Mereka berdua berhenti di depan ruang periksa Kinanti yang tidak tertutup sempurna. Ken masih belum tahu pasti dimana Kinanti dirawat, ia mencoba melacak ponsel Alan untuk memastikan dimana pria itu berada. Kaori mengangguk saat Ken memintanya menunggu di kursi sebentar. Pria itu akan berjalan ke ujung lorong untuk melihat apa ada seseorang yang bisa ia tanyai.
“Aku bisa lihat kamu kok. Ini lorongnya lurus memanjang, aku ke ujung sana sebentar ya,” kata Ken.
Saat menunggu Ken, Kaori mendengar suara Endy dari ruangan di depannya. Mendengar namanya disebut, Kaori berdiri dari duduknya lalu mendekat ke depan ruangan itu. Ia berdiri di dekat pintu dan mendengarkan
sesuatu yang sangat mengejutkannya.
“Dokter, kata dokter cuma perlu bertemu dan bicara saja dengan Kaori dan Renata. Mereka sudah bertemu, sudah bicara. Apalagi yang kurang? Kenapa reaksi Kinanti jadi seperti ini?” tanya Endy.

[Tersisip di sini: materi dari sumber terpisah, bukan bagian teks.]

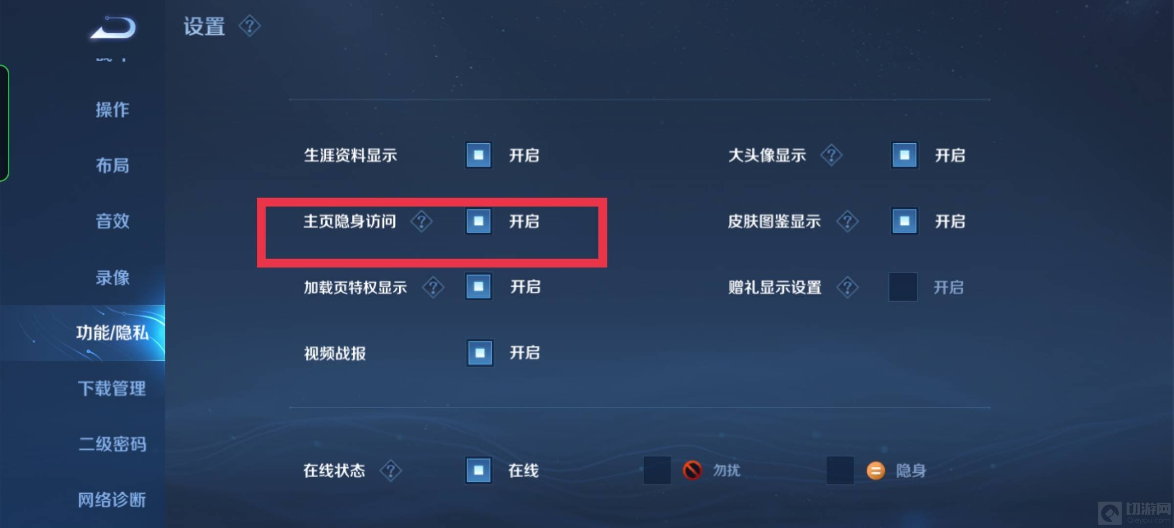 再往下滑,就会看到一个主页隐身访问选项,将他开启,就可以关闭访客记录了。

“Emosinya jadi tidak stabil, tuan. Apa ada sesuatu yang penting?” tanya dokter Debora.
__ADS_1
Endy mengingat sesuatu yang Kinanti anggap penting, ia menggosok keningnya mencoba mengingat. “Ya, dokter. Kaori sempat memanggilnya mama. Dia akan segera menikah dengan Ken atau dengan kata lain,
Kaori akan segera menjadi menantu kami,” kata Endy akhirnya.
“Apa Kaori tahu kalau kalian orang tua kandungnya?” tanya dokter Debora.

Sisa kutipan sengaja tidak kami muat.